Chilean Colonel (1823–1888)

Martiniano Urriola Guzmán (c. 1823 – 1888) was a Chilean colonel of the War of the Pacific. He participated across many campaigns of the war as well as being one of the primary commanders of the Chilean North Operations Army.

==Military career==
Martiniano was born in about 1823 as the son of Colonel Pedro Urriola Balbontín and Doña Rosario Guzmán Fontecilla at Santiago. He entered the Escuela Militar del Libertador Bernardo O'Higgins in 1832 before graduating in 1837 as a 2nd Lieutenant. He was then made an assistant as his father had to go to Argentina to conduct operations against Marshal Andrés de Santa Cruz. Martiniano then joined the ranks of Alejandro Heredia as he participated in the War of the Confederation. He returned to Chile in 1838 and a year later, he joined the ranks of Manuel Bulnes and fought at the battles of Portada de Guías, Buin and Yungay. During the 1851 Chilean Revolution, his father was killed and Martiniano had to flee for Peru in exile. While staying at Lima, he met Doña Carolina Eléspuru y Pinillos and they would proceed to get married.
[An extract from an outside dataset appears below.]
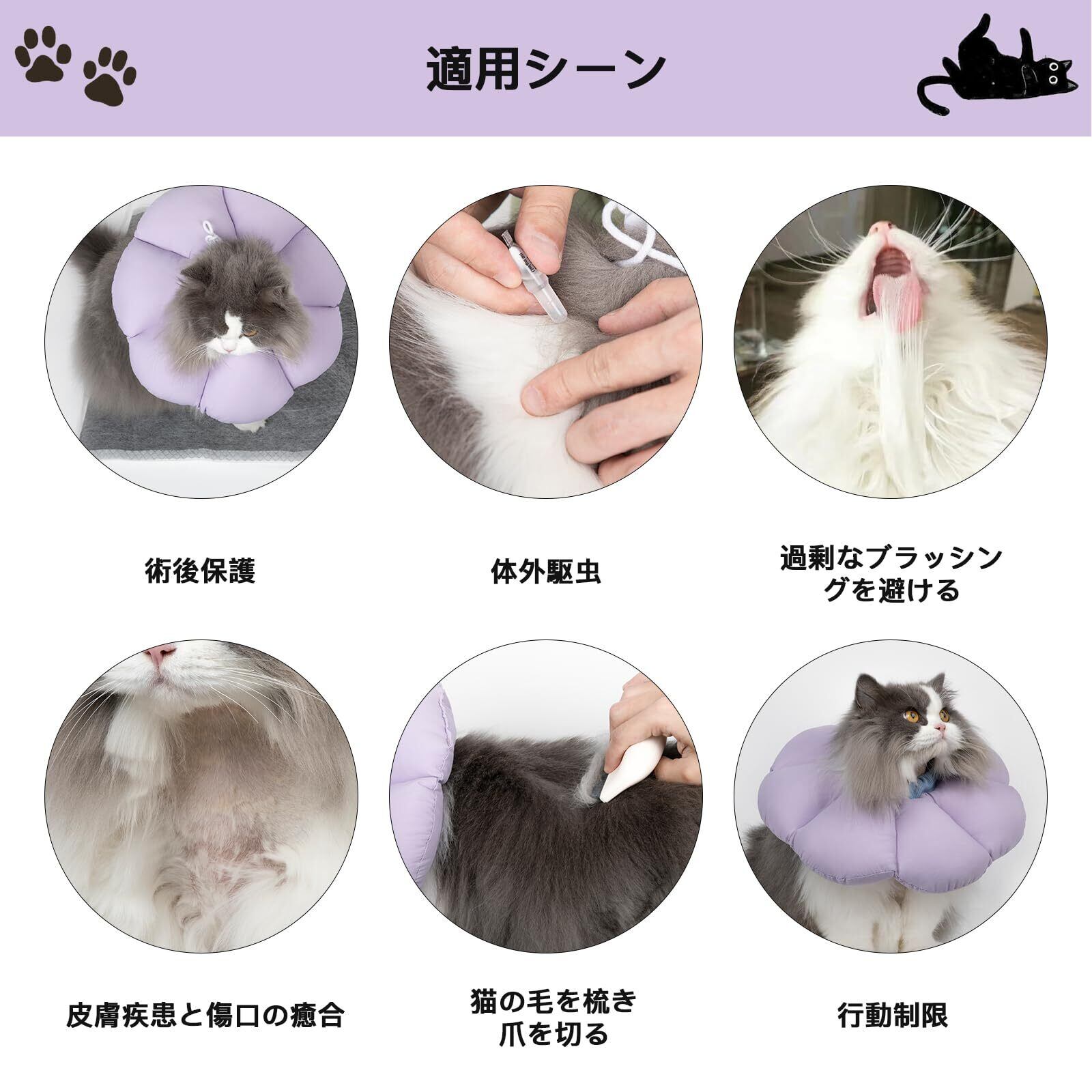 「病後の回復を早める」猫エリザベスカラーは、術後の傷口の保護、かぶれや術後の傷の保護、ペットがケガや手術した部位を噛んだり舐めたりするのを防ぎ、手術や傷の回復を促します、また、外部駆虫、皮膚科の傷の治療、爪切り、猫の毛のグルーミングなど、日常的に使用される。

After the presidency of Manuel Montt, he returned to Chile with his family and settled at Colchagua and worked on the land there and also commanded the Civic Battalions of Rengo and San Fernando. He was then appointed Governor of the Caupolicán Department and the mayor of Colchagua. In 1874, the Civic Naval Artillery Battalion was founded and Urriola was given command of the Battalion. After the War of the Pacific broke out, Urriola was promoted to Colonel and given command of the I Division. During the Tarapacá Campaign, he occupied Junín as well as participating at the Battle of San Francisco and the Battle of Tarapacá. During the Tacna and Arica campaign, he was wounded during the Battle of Tacna but despite that, he continued to serve as he commanded the III Division during the Lima campaign and participated in the Battle of San Juan and Chorrillos and Battle of Miraflores.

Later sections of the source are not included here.